PKR is activated by the polyanionic molecules dextran sulfate, chondroitin sulfate, poly l-glutamine, and heparin (Hovanessian and Galabru 1987; Bergeron and others 2000). No general mechanism accounts for the activation of PKR by polyanionic molecules. It might be assumed that, like charged RNA, polyanionic molecules would bind the protein's RBMs. However, at least for heparin, this is not the case (George and others 1996; Fasciano and others 2005). In contrast to dsRNA, PKR activated by heparin is reported to function as a monomer. Heparin binding, within the kinase domain, likely sterically blocks interdomain interactions. This atypical form of the active enzyme still binds and phosphorylates eIF2α.

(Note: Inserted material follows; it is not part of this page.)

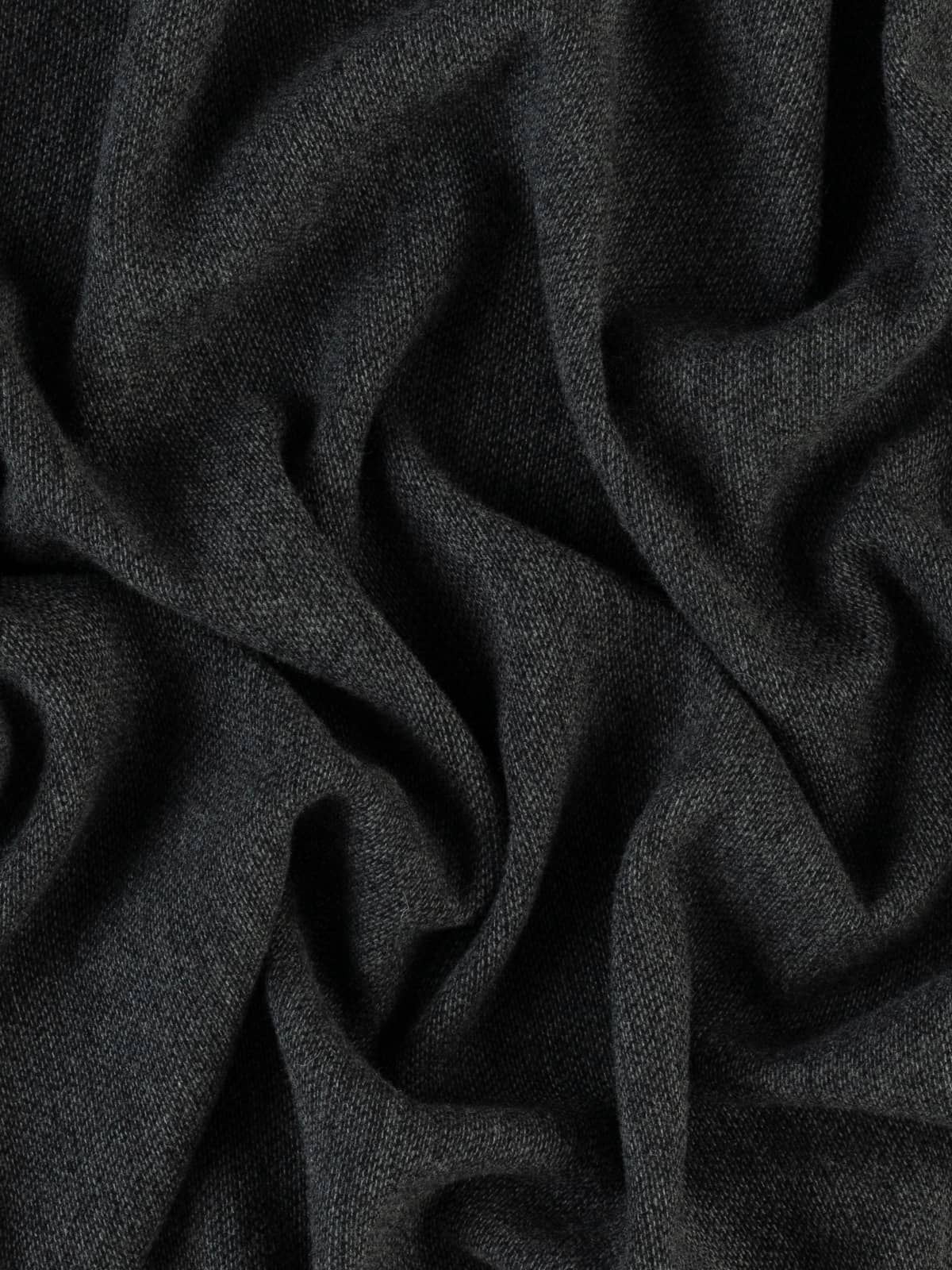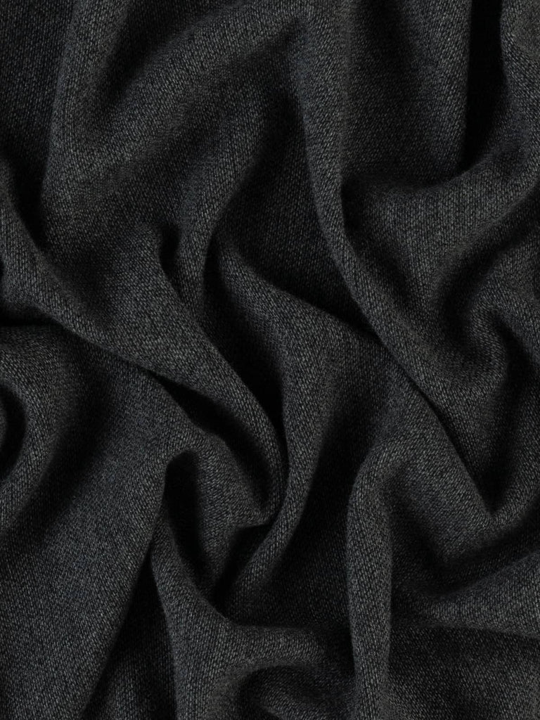 This cosy all wool fabric is created from yarns of black and storm grey, this base is accentuated with silvery striations throughout the weave.

Activation of PKR by heparin is intriguing. The distribution of heparin in the body is restricted largely to secretory basophil and mast cells. Consequently, it is believed to function in wound and antimicrobial responses. Therefore, heparin-mediated effects would seem to indicate a PKR-dependent immune function in the skin, mucosa of the lungs, gut, mouth, nose, and eyes. Little has been done to gauge the function of PKR in mucosal immunity. The closely related proteoglycan heparin sulfate has a broader expression than heparin, occurring on the surface of most, if not all, cells as well as extracellularly. Accordingly, heparin sulfate has been purported to have a wide variety of biological activities. It has been identified as a receptor for some viruses (Spear and others 1992; Hallak and others 2000a, 2000b). Intracytoplasmic heparin sulfate could indicate viral entry into a cell, and might present an early warning to the innate immune system. Therefore, it would be interesting to test if PKR is also activated by heparin sulfate and if this is relevant to PKR's established role in the antiviral response.

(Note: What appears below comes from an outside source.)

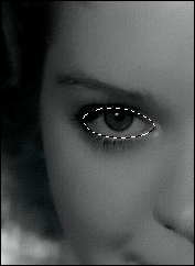 1. Создадим выделение левого глаза. Для построения точной границы требуется установить значительное увеличение снимка и использовать геометрические средства создания маркировок, например

Activation of PKR by Caspases

Activation of PKR by caspases involves proteolytic cleavage of PKR at asparagine residue 251 by the apoptotic initiator caspase-8 and effectors caspase-3 and -7 (Saelens and others 2001). Removal of the autoinhibitory N-terminus of PKR by caspase cleavage generates a constitutively active kinase. As with heparin activation, the cleaved kinase is described to function as a monomer (Wu and Kaufman 2004). However, it is not clear what would prevent the truncated PKR from dimerizing. PKR monomers associate via residues in the kinase domain, which are present in the truncated protein. Similar truncated kinase constructs have been demonstrated to dimerize (Dey and others 2005). Presumably, the removal of the RBM prevents colocalization of PKR monomers. It seems possible that the truncated PKR protein might dimerize at higher concentrations during, for instance, induction with IFNs.

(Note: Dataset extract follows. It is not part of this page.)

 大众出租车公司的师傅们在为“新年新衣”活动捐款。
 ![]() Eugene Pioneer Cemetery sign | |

The promoter of the gene encoding caspase-8 has been shown to contain an ISRE and so is induced as part of the type I IFN response (Casciano and others 2004; De Ambrosis and others 2007). Caspase-8 has been demonstrated to be part of the innate immune response to virus and dsRNA. Moreover, mouse embryonic fibroblasts that are null for caspase-8 have an attenuated inflammatory response (Takahashi and others 2006). Hence, the IFN regulation of caspase-8 parallels the nucleotide-binding oligomerization domain-like receptor induction of caspase-1 and -5 and assembly of inflammasomes.

PKR's Activity

Once activated PKR has 2 roles: first, to directly affect protein function by phosphorylation; second, to activate transcription factors by modulating cellular signaling networks. It has been established that, at least in the instance of NF-κB activation, PKR functions in signaling pathways as an adaptor protein, without phosphorylating substrates.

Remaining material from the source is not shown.